Material for the task:
──────────
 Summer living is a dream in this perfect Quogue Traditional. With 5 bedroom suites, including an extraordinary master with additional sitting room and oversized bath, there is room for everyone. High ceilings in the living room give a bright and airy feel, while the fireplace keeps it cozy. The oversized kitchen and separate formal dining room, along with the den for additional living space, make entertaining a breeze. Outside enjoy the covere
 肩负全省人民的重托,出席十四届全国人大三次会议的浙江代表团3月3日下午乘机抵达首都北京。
──────────
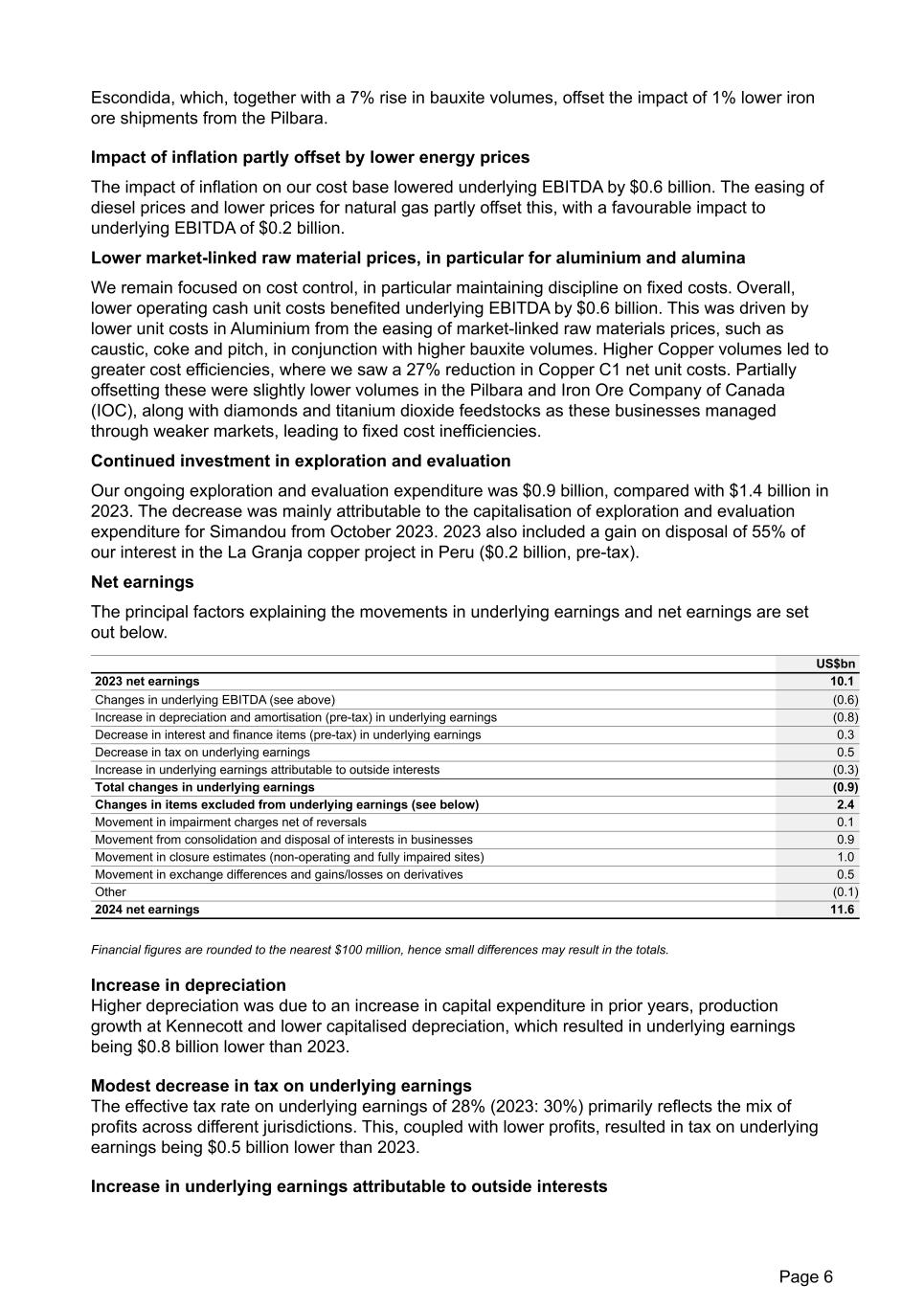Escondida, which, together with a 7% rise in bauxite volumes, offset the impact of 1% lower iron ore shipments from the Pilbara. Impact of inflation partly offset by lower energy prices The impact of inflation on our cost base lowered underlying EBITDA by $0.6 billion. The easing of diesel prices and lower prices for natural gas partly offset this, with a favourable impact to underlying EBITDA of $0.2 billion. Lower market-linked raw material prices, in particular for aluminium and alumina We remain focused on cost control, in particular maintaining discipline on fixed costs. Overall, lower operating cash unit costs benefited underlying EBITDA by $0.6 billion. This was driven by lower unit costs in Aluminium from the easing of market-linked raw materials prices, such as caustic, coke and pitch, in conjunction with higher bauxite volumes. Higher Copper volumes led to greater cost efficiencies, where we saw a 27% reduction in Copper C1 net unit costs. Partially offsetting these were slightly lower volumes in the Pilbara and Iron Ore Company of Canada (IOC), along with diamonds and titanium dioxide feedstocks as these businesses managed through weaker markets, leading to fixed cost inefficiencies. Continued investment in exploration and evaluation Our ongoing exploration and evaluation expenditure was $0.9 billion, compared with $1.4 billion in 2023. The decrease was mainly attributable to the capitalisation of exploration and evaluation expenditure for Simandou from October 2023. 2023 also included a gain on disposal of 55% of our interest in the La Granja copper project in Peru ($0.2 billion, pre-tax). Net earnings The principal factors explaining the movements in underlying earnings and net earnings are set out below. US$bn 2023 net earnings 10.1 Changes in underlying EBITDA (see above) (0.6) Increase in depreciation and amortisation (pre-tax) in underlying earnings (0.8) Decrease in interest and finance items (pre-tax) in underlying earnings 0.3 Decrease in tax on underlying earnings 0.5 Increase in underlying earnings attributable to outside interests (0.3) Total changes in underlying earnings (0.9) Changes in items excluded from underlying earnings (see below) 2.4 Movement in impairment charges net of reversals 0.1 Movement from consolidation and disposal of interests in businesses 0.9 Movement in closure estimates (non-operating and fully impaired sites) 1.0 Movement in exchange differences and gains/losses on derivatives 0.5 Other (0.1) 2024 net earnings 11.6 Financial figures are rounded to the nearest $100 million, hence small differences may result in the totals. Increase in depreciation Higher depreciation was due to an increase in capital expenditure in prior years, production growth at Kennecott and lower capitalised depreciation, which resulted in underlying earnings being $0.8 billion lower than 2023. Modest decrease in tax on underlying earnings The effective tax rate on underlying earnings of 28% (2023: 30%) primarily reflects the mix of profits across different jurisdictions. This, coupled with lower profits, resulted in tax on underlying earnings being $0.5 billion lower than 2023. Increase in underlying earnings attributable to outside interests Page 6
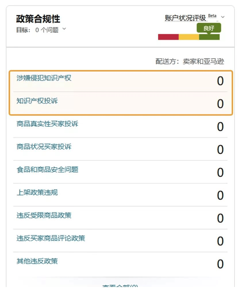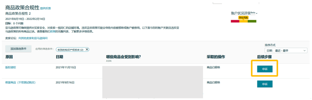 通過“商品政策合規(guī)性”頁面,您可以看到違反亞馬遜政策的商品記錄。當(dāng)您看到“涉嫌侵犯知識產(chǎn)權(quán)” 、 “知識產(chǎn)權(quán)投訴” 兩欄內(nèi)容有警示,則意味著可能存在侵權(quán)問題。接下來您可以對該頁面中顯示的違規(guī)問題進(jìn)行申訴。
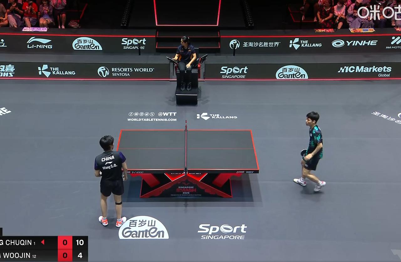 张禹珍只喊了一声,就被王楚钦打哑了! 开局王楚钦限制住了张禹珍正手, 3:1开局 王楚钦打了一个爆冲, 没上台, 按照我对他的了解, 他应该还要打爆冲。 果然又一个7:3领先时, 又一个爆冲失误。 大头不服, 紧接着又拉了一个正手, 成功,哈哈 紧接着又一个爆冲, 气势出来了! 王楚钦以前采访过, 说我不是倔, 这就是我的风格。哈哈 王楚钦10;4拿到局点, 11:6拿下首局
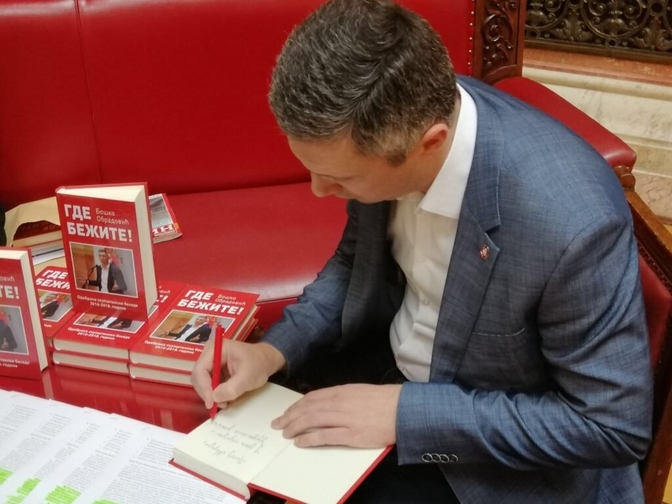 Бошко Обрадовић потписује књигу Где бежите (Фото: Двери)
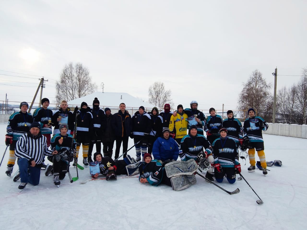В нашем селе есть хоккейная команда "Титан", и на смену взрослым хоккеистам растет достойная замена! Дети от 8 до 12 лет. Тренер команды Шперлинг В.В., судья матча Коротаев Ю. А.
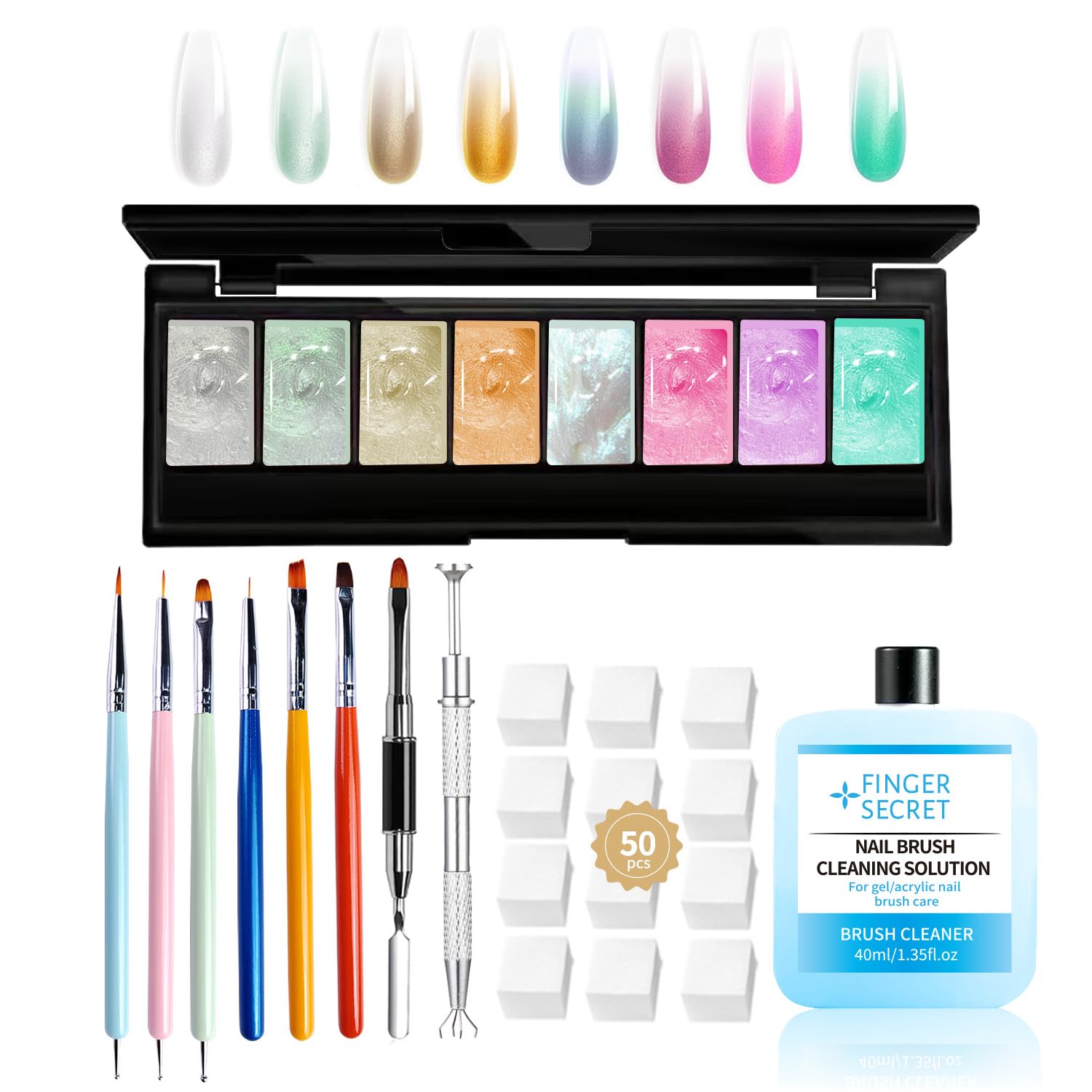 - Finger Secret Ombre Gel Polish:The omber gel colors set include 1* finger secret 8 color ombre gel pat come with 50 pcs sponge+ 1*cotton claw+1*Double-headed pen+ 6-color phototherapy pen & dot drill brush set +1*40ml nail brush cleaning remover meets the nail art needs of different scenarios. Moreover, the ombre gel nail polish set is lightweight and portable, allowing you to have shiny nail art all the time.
──────────
Assignment: Begin with the line that has "Summer living is" in the listing above and end after the line that has "肩负全省人民的重托,出席十四"; output those lines exactly.

Written response:
 Summer living is a dream in this perfect Quogue Traditional. With 5 bedroom suites, including an extraordinary master with additional sitting room and oversized bath, there is room for everyone. High ceilings in the living room give a bright and airy feel, while the fireplace keeps it cozy. The oversized kitchen and separate formal dining room, along with the den for additional living space, make entertaining a breeze. Outside enjoy the covere
 肩负全省人民的重托,出席十四届全国人大三次会议的浙江代表团3月3日下午乘机抵达首都北京。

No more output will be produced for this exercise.